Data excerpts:
○ ○ ○ ○ ○
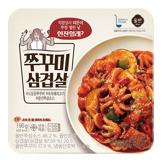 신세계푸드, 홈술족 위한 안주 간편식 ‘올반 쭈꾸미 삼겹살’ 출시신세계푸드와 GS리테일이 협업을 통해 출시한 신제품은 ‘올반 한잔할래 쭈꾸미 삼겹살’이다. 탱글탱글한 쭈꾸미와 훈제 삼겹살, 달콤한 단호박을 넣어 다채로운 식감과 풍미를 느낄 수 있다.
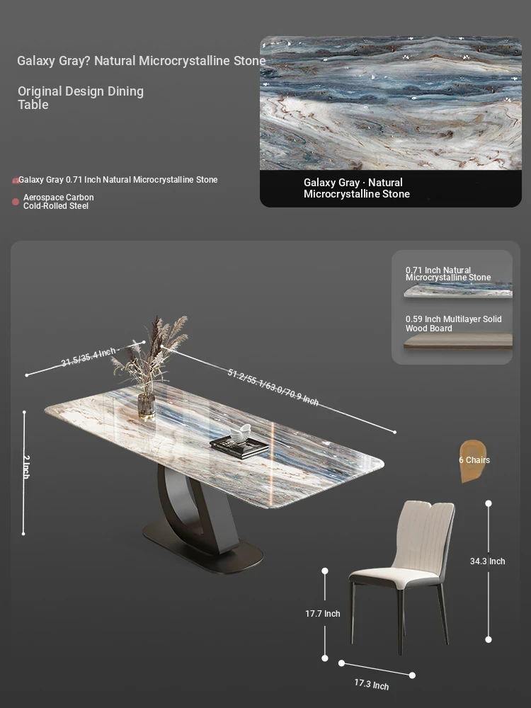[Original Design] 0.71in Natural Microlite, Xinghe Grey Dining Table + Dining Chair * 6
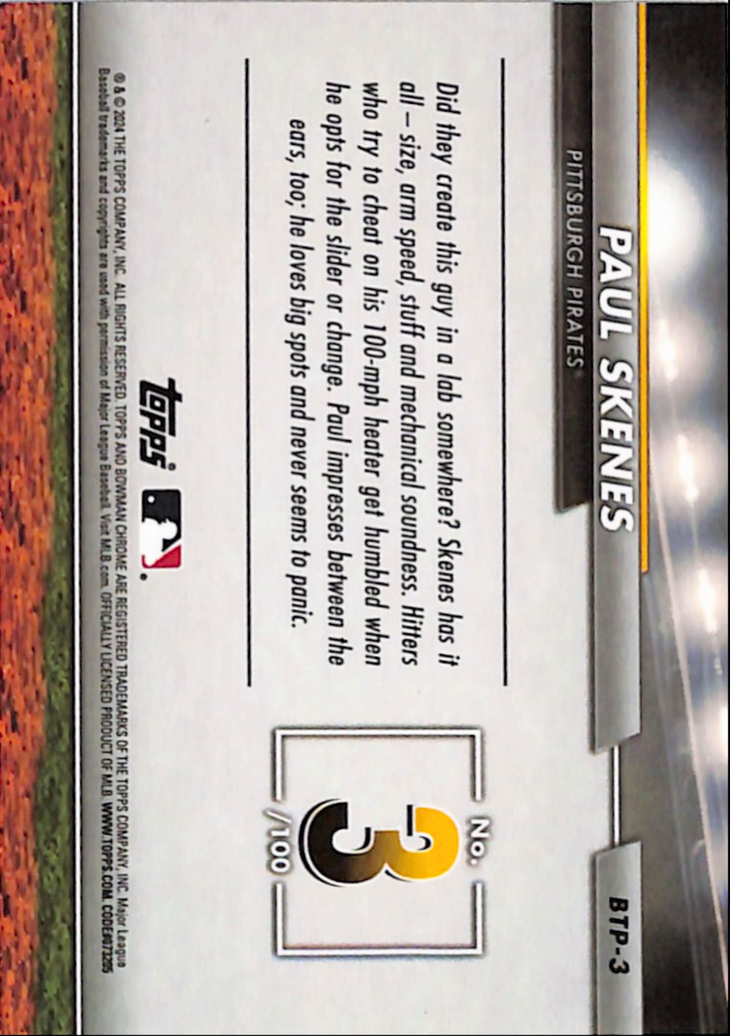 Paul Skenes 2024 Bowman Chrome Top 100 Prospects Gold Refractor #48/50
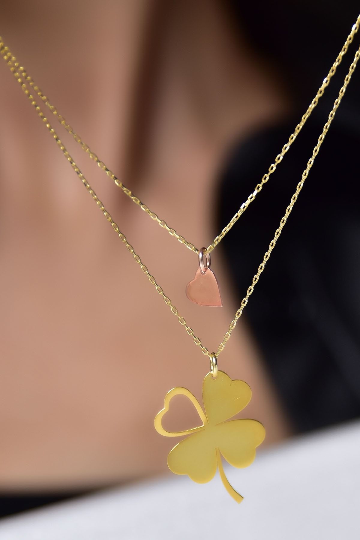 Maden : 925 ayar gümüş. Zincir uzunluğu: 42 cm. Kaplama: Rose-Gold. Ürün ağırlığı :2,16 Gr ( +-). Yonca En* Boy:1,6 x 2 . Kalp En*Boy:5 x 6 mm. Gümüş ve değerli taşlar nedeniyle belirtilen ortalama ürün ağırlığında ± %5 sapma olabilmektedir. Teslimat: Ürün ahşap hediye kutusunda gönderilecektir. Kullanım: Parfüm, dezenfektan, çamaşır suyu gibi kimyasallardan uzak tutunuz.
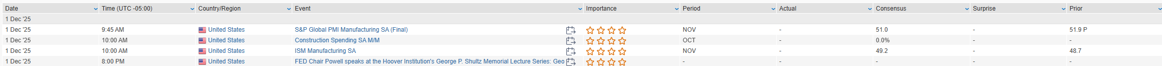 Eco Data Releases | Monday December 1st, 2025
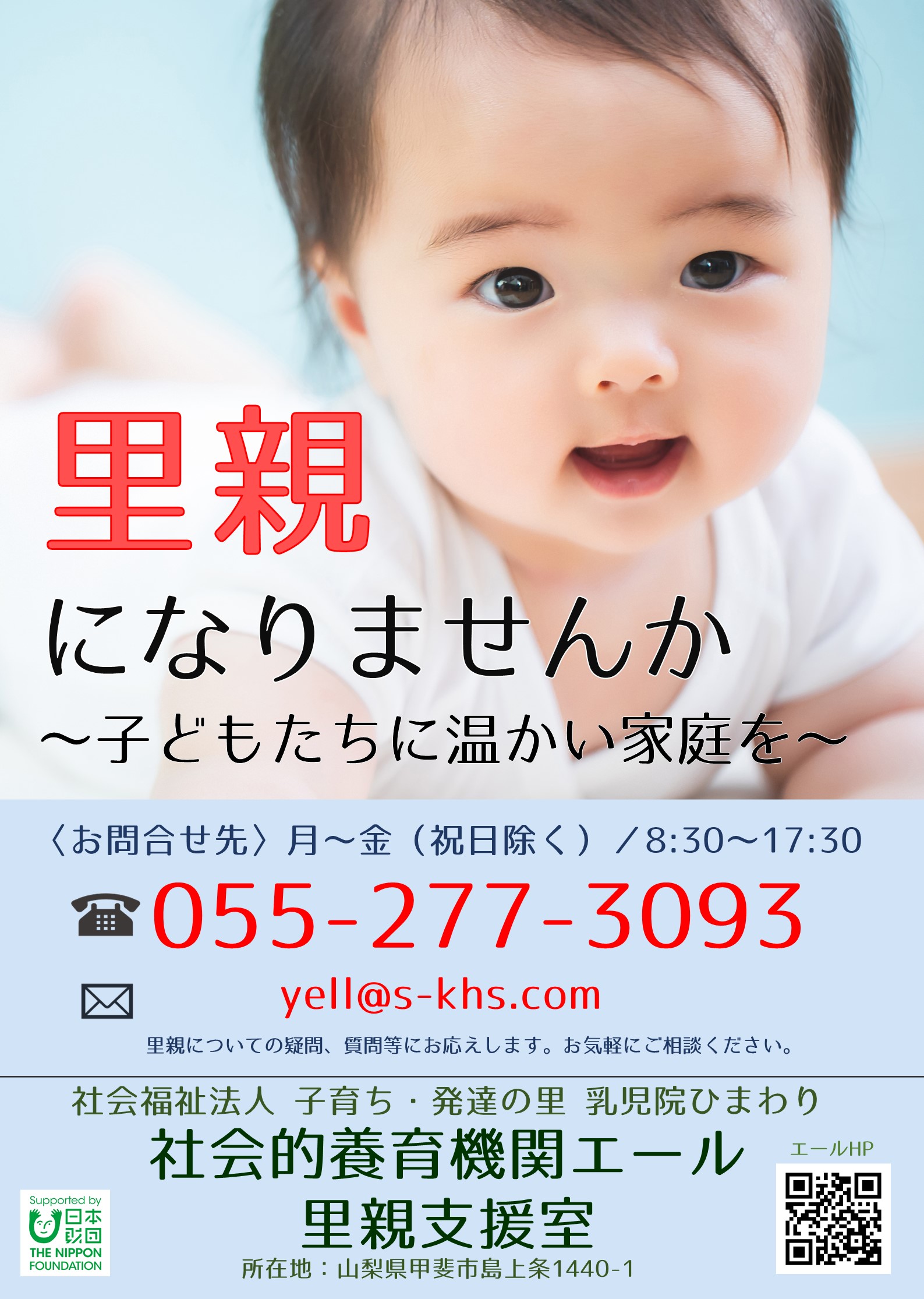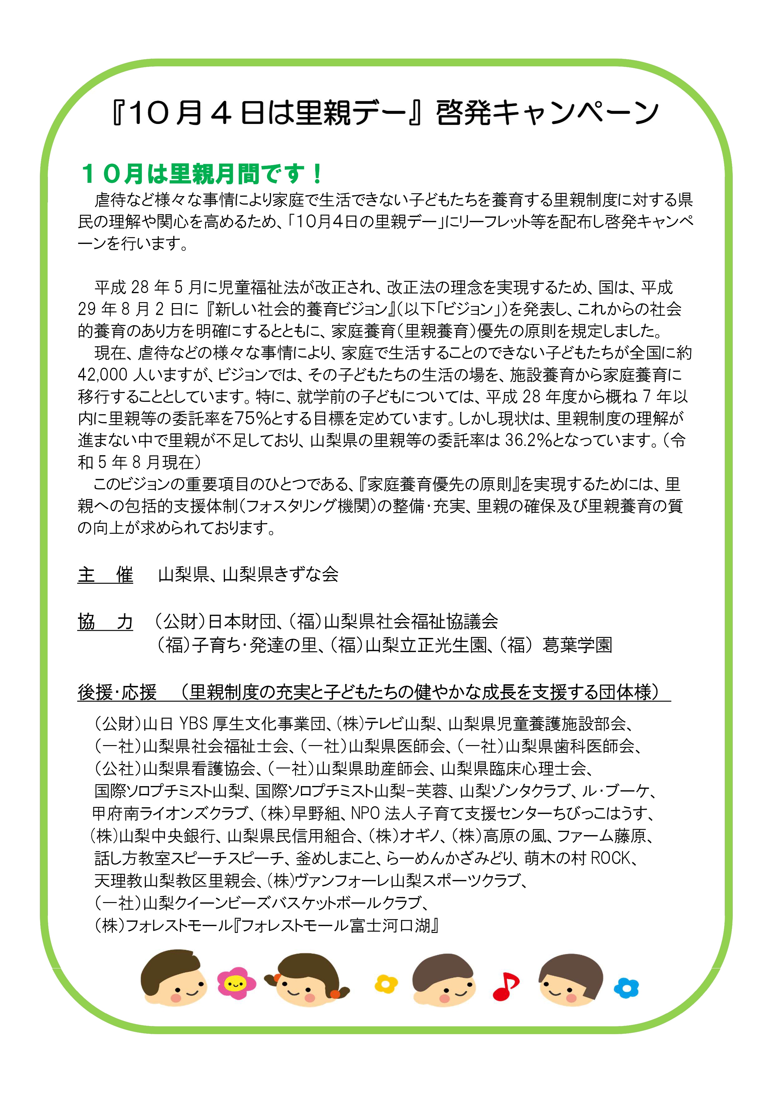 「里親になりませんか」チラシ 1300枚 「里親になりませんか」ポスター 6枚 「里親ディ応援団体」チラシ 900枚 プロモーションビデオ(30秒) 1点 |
○ ○ ○ ○ ○
**BRIEF**
Reproduce the data above line for line, from its first line through the line containing "Paul Skenes 2024", both ends included, with the pictures omitted and nothing more.

**COMPLETED EXERCISE**
 신세계푸드, 홈술족 위한 안주 간편식 ‘올반 쭈꾸미 삼겹살’ 출시신세계푸드와 GS리테일이 협업을 통해 출시한 신제품은 ‘올반 한잔할래 쭈꾸미 삼겹살’이다. 탱글탱글한 쭈꾸미와 훈제 삼겹살, 달콤한 단호박을 넣어 다채로운 식감과 풍미를 느낄 수 있다.
[Original Design] 0.71in Natural Microlite, Xinghe Grey Dining Table + Dining Chair * 6
 Paul Skenes 2024 Bowman Chrome Top 100 Prospects Gold Refractor #48/50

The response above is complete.